→ What the exercise asks
Output only the lines below from the one holding "Stadtarchiv Lange Straße 83" down to the one holding "Der afholdes rejsegilde", both end lines included and every picture dropped.

→ Items from a data source

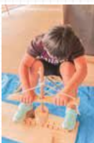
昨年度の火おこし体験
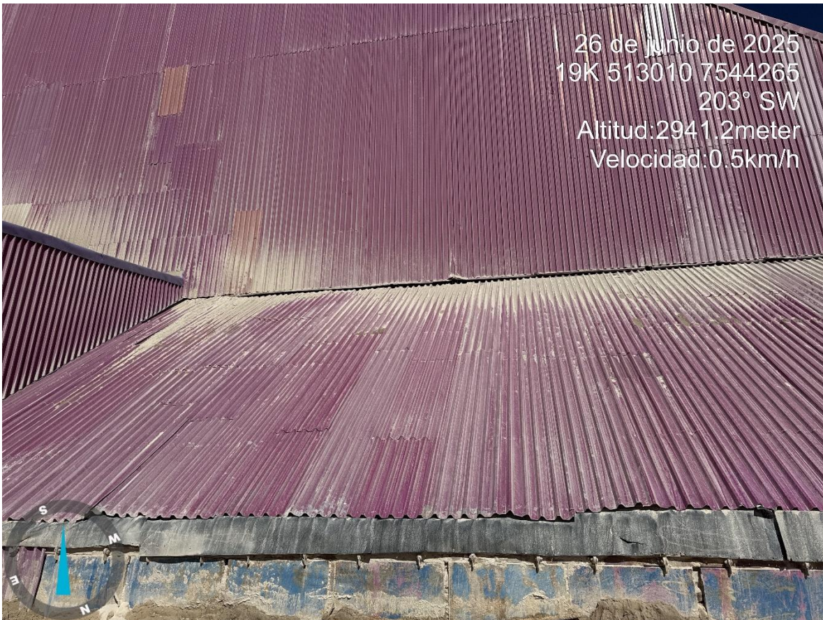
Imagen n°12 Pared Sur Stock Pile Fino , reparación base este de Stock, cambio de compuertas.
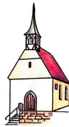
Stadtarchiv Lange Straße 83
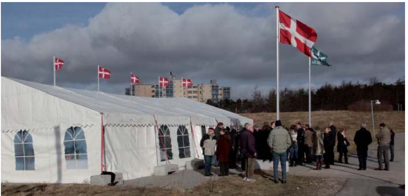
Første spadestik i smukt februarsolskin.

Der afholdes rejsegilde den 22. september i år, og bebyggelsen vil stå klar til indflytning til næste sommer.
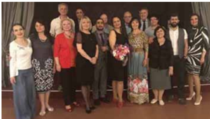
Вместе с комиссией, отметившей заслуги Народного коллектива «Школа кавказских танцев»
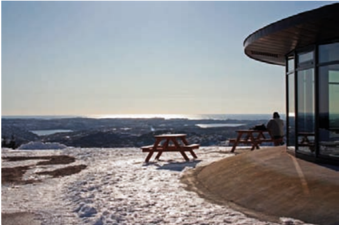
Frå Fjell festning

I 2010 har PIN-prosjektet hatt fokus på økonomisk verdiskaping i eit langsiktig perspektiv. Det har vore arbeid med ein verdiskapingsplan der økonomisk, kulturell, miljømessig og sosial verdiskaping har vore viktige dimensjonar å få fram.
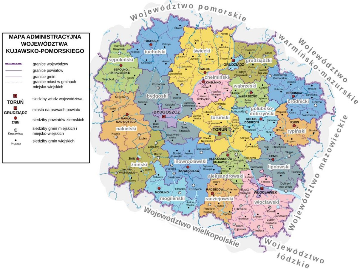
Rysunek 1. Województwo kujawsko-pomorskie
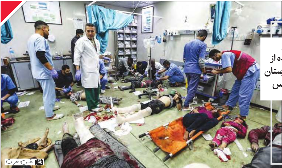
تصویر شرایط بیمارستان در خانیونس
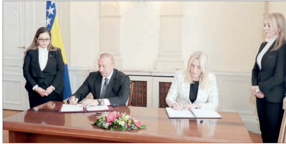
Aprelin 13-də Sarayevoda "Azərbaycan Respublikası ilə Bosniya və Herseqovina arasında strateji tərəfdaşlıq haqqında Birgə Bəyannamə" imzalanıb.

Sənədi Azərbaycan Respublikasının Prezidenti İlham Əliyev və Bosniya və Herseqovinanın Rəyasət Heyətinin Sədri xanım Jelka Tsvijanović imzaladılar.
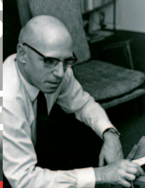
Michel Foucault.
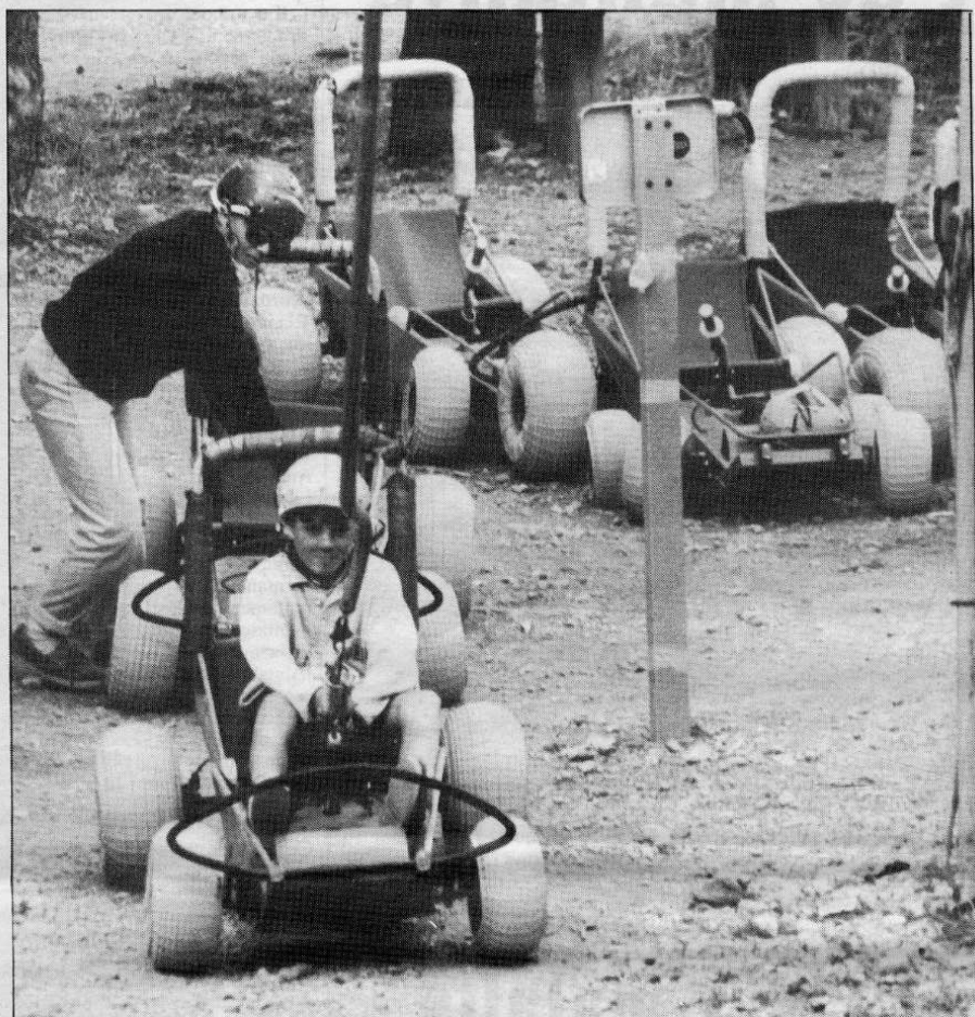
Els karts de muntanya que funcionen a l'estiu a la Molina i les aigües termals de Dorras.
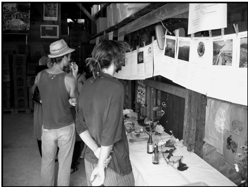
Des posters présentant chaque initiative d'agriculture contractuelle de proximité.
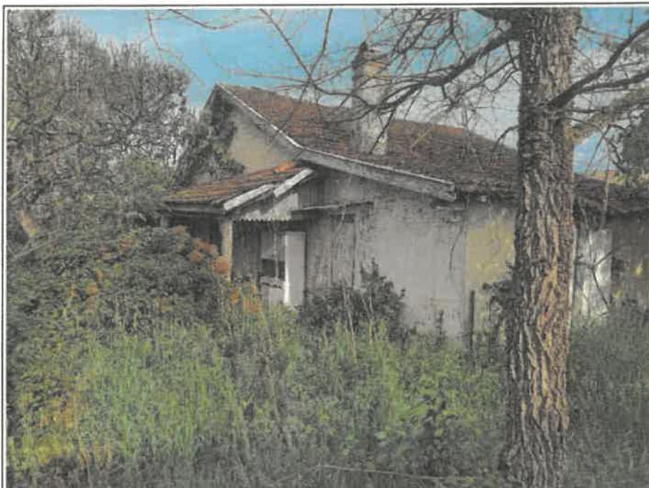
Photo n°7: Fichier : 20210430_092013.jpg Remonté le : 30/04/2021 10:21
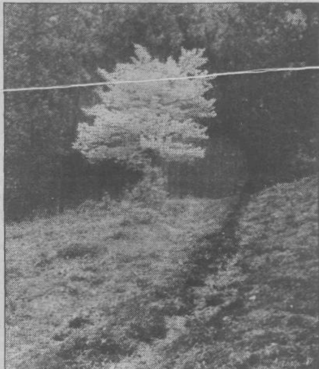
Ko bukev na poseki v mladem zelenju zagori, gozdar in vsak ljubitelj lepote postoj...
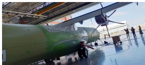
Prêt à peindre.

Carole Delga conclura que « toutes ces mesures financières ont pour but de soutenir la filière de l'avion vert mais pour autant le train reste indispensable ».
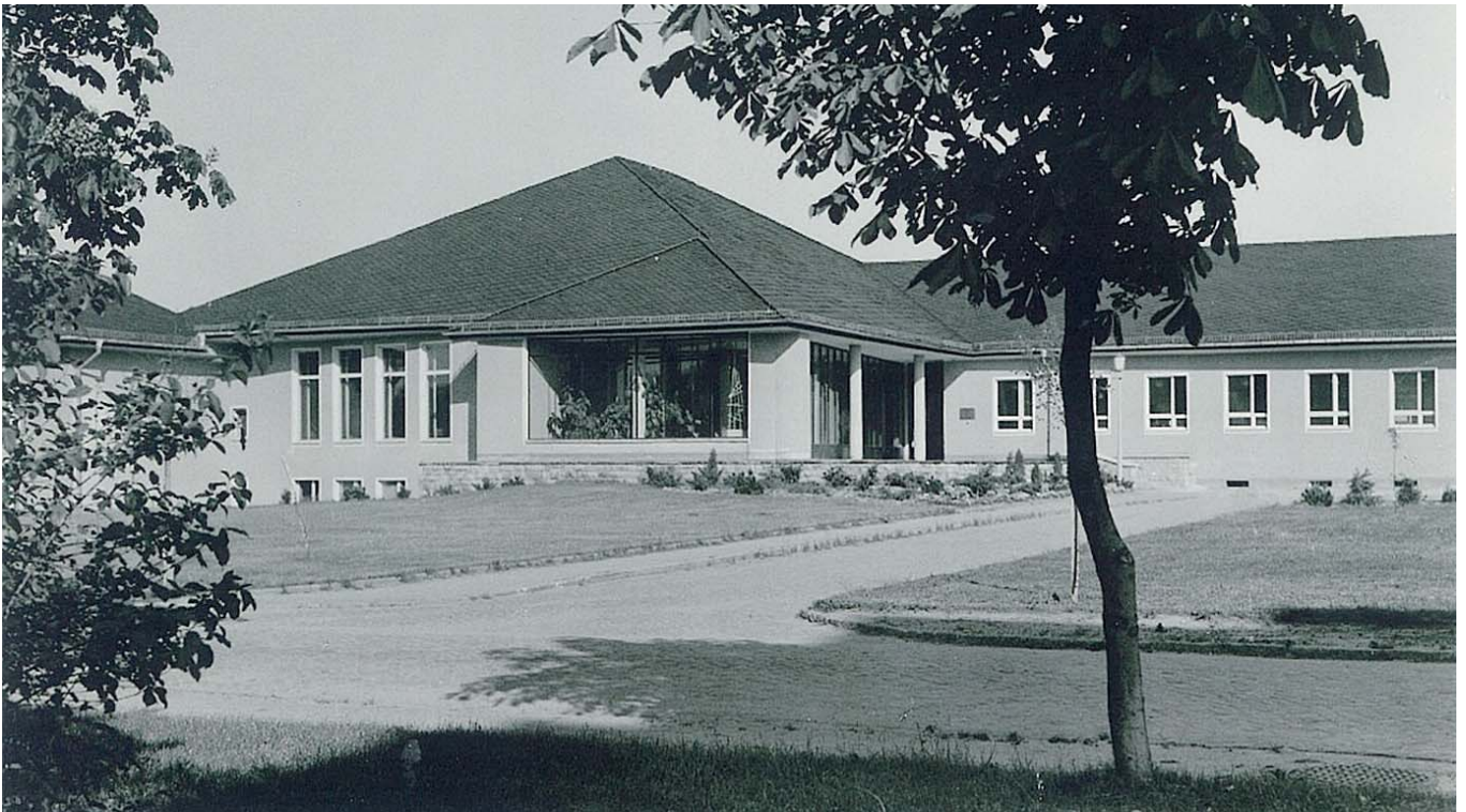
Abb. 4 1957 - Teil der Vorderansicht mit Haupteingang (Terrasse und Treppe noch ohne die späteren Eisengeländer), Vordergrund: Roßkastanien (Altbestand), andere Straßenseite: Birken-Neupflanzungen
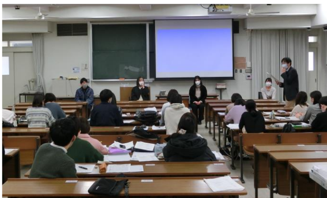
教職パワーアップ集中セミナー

→ Answer for this exercise
Stadtarchiv Lange Straße 83
Første spadestik i smukt februarsolskin.

Der afholdes rejsegilde den 22. september i år, og bebyggelsen vil stå klar til indflytning til næste sommer.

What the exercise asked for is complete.